## [AVAILABLE DATA]
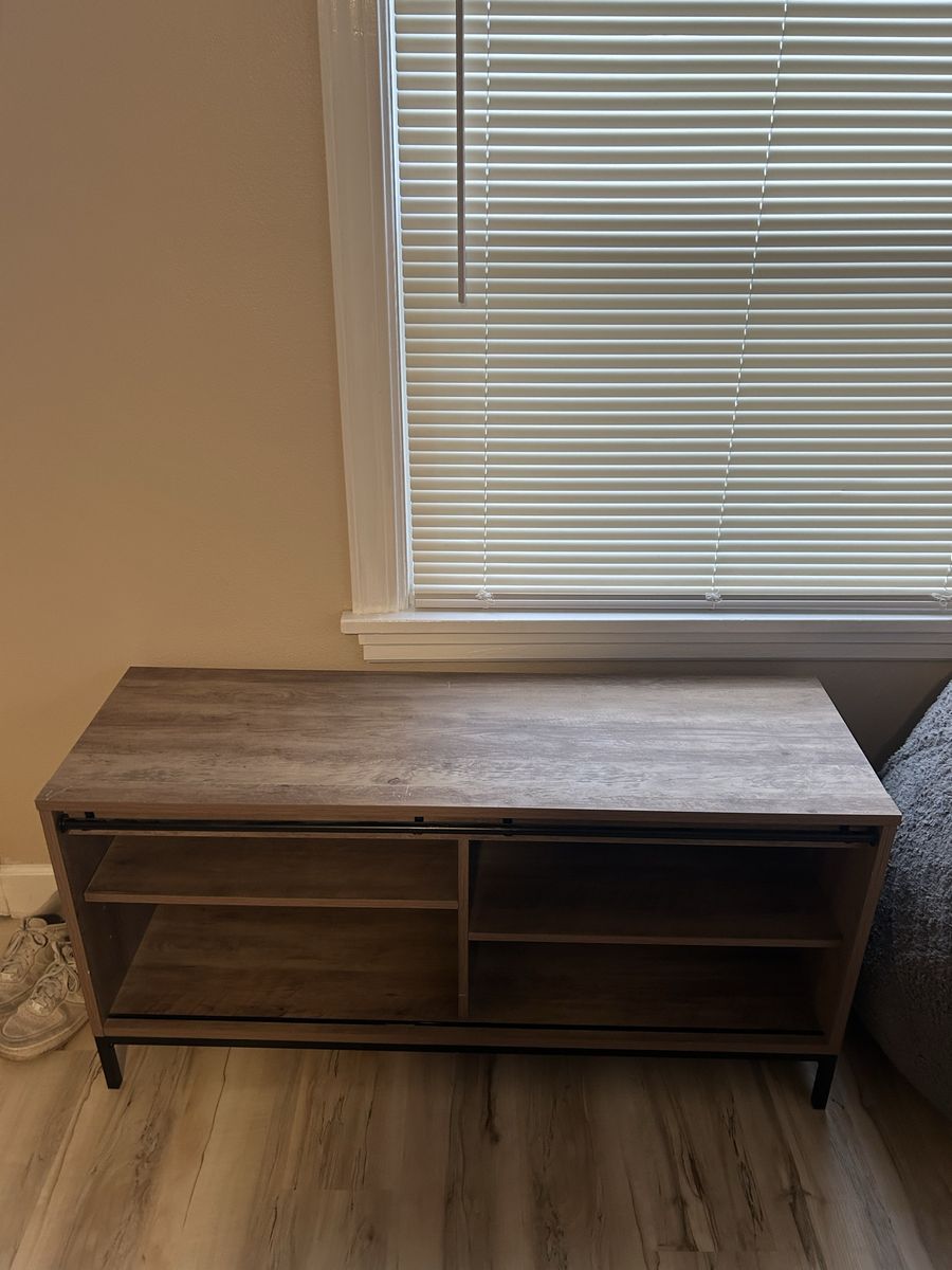 Tv stand in great shape. Minimal scratches on top. About 50” long and 24” tall
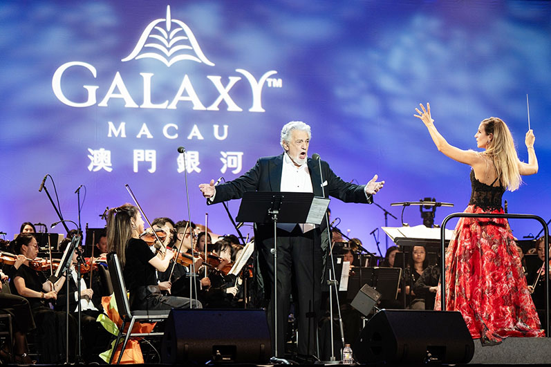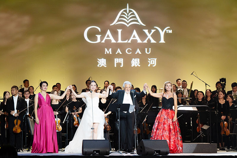 【特訊】備受矚目的「銀河聲薈:多明戈與友歌劇盛宴」於 20 日晚在澳門嶄新會展娛樂地標銀河國際會議中心盛大舉行,吸引了眾多音樂愛好者和文化界人 士共襄盛舉。此次演出是「澳門銀河™」首次呈獻的世界級歌劇盛會,由西班牙傳奇歌唱家普 拉西多·多明戈(Plácido Domingo)與中國和意大利三位炙手可熱的青年音樂家、以及深圳交響 樂團攜手呈獻一場跨文化的音樂藝術交流,令現場觀眾陶醉不已。演出結尾,享譽海內外的著 名男高音歌唱家莫華倫驚喜助陣,四位歌唱家首次同台演出,為整場音樂會畫上圓滿的句點。
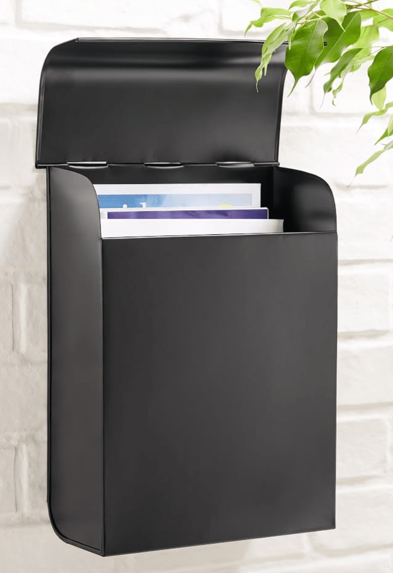 This mounted letter box leaves the frills behind in favor of clean, modern lines. Classic Mounted Mailbox, Black, $60,

## [WORK INSTRUCTION]
Return the full listing exactly as written, without any of its images.

## [THE ANSWER]
 Tv stand in great shape. Minimal scratches on top. About 50” long and 24” tall
 【特訊】備受矚目的「銀河聲薈:多明戈與友歌劇盛宴」於 20 日晚在澳門嶄新會展娛樂地標銀河國際會議中心盛大舉行,吸引了眾多音樂愛好者和文化界人 士共襄盛舉。此次演出是「澳門銀河™」首次呈獻的世界級歌劇盛會,由西班牙傳奇歌唱家普 拉西多·多明戈(Plácido Domingo)與中國和意大利三位炙手可熱的青年音樂家、以及深圳交響 樂團攜手呈獻一場跨文化的音樂藝術交流,令現場觀眾陶醉不已。演出結尾,享譽海內外的著 名男高音歌唱家莫華倫驚喜助陣,四位歌唱家首次同台演出,為整場音樂會畫上圓滿的句點。
 This mounted letter box leaves the frills behind in favor of clean, modern lines. Classic Mounted Mailbox, Black, $60,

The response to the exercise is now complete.